Look below for the line containing "Gambar 3.4 penulis mendokumentasi narasumber" and the line containing "32-20-AD-MD-5008 . - Estructura"; repeat exactly those two lines and all lines between them, and nothing else.

**Task data:**
▽

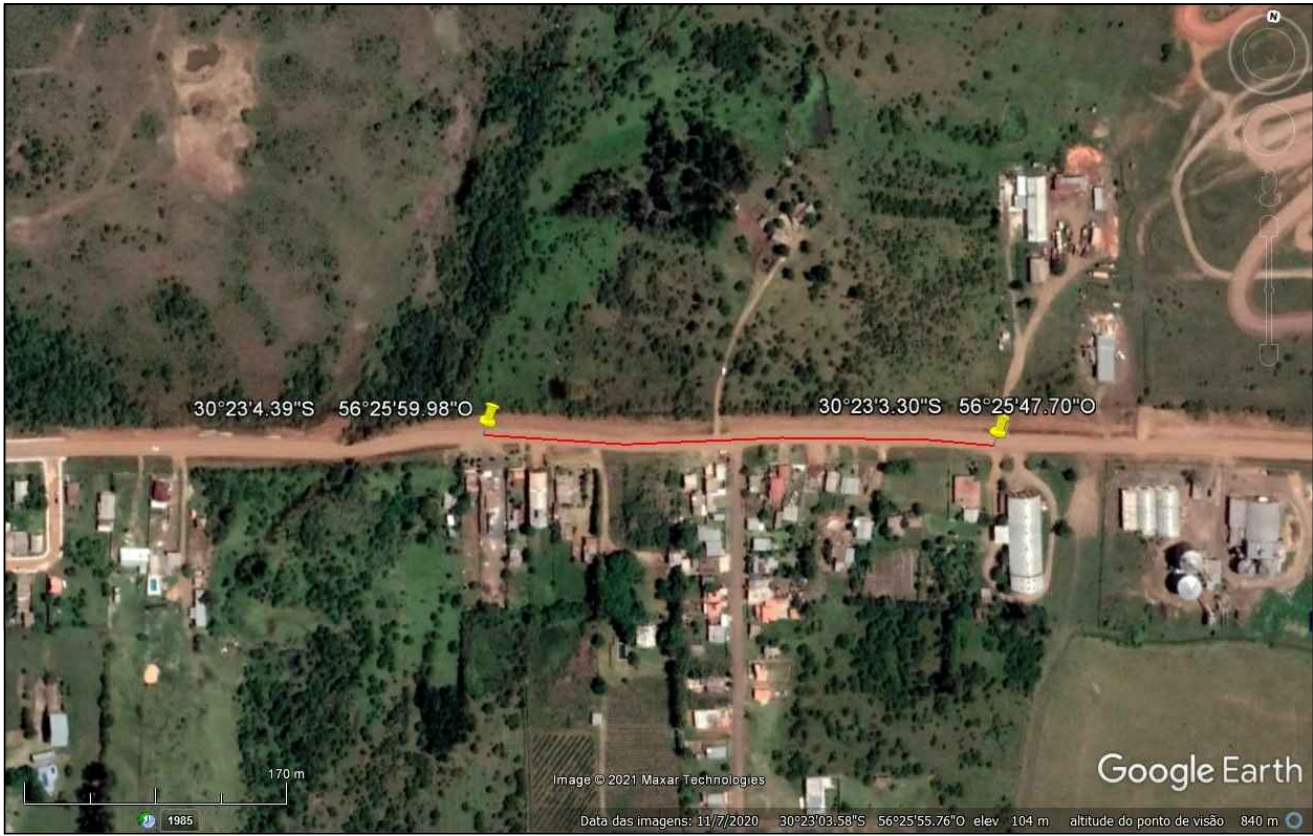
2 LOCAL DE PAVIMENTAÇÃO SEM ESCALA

△
▽

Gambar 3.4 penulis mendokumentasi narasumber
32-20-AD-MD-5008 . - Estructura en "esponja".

△

**Solution to the exercise:**
Gambar 3.4 penulis mendokumentasi narasumber
32-20-AD-MD-5008 . - Estructura en "esponja".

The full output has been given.